To give yourself time to inspect the problem using the four different lenses, you need to manually reconfigure your load plan from four steps of incremental load to be a single steady-state test at the first level after the clean, squared throughput step disappeared. Perhaps set the duration to 20-30 minutes, knowing that you’ll stop the test as soon as these performance lenses show you some actionable intelligence.

For example, say your Scalability Yardstick test ran with two threads at each level of load, and each level lasted for 2 minutes. If you got clean, chiseled steps at about 25% CPU (two threads) and 50% CPU (four threads) but no chiseled leaps after that, then the steady state “let’s reproduce the bug” test needs to run at six threads for the duration (20-30 minutes).

While the load test with the performance problems is running at steady state, you will look at the SUT using each of the four items in the checklist. The problem (or problems) you are experiencing will show up in one or more of the lenses. So what does this mean, to look through a lens?

As you will see in the coming chapters, each of the four checklist items has its own set of monitoring and tracing tools (freely available), and I will describe how to capture and interpret the data from each, giving a “problem” or “no problem” assessment for each checklist item. The goal, of course is blame. To blame one particular component of the system for the performance problem(s) and then dream up a fix.

As the chapters ahead will show you, the four checklist items will point out a few problems. Somewhat subjectively, you need to pick one of these issues to attack first—whichever issue provides the most bang for the buck. In other words, you generally want to attack the defect that provides the biggest performance boost with the smallest effort, which may be a code change, configuration change, data change, or even a load script change.

Here are the four items in the P.A.t.h. checklist:

P Persistence : slow JDBC invocations and calling any one SQL too much.
A Alien systems (network calls to a system outside your main JVM)
t Threads (CPU overconsumption and blocked threads)
h Heap (garbage collection inefficiencies and memory leaks)

But what is so special about these four particular areas? For starters, this is simply a convenient way to categorize the locations of today’s most common server side performance problems, but also to pair up those locations with their own set of observability tools. But more practically, the P for persistence represents the database, and there is wide agreement that database has more performance problems than any other area. We will focus on JDBC systems, but the same issues with JDBC performance in the P chapter also apply to NoSQL databases, as well; all this is covered in Chapter 9. I made up the term “Alien systems ”—it is kind of a placeholder for performance issues with any system our JVMs talks to over a network. That is Chapter 10.

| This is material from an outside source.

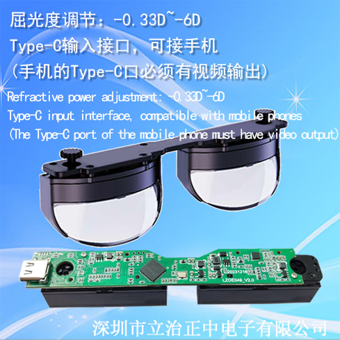 此双目眼镜模组为裸模组,我们的驱动电路板上的视频接口是Type-C口,电是从Type-C里获取的。需要您提供Type-C视频信号输入,您的设备Type-C 输出口必须要有视频输出,有些设备有Type-C口,但是没有视频数据输出是不行的。

So the P and the A are systems we integrate with. The t and the h are different. Every bit of our Java code is run in by an operating system thread, so the t for Threads explores thread efficiency. Are there blocked threads? (More on this later.) Are there small processing challenges that are unnecessarily eating a lot of CPU? Lastly, the h in PATH stands for the health of the Heap. Poor garbage collection efficiency can really hurt performance, as well as stability. I was always hesitant to wade into the complex waters of understanding GC algorithms . Among other things, this h chapter goes out of its way to show how surprisingly little you have to know about GC to improve performance. The t and the h are in Chapters 11 and 12, respectively.

I mentioned earlier that the P and the A in P.A.t.h. are spelled out with capital letters because they are special: most of the time, you can detect problems in those areas with just a single user’s traffic. One of the reasons this is true is because a single, lonely query to a large, unindexed table is often real slow, like slower than 1 second. Likewise, executing 100 SQL/NoSQL requests will likely be slow (more than 1 second) with any number of users, including just one.

Since no load required is required and it’s easier to capture a one-time sample of P and A activity, you get the great benefit of being able to detect and fix performance problems without a load script (like a JMeter one) and without a load environment—any environment will suffice with P and A. An unindexed query to a large table is a good example of this, where lowering response time will yield higher throughput.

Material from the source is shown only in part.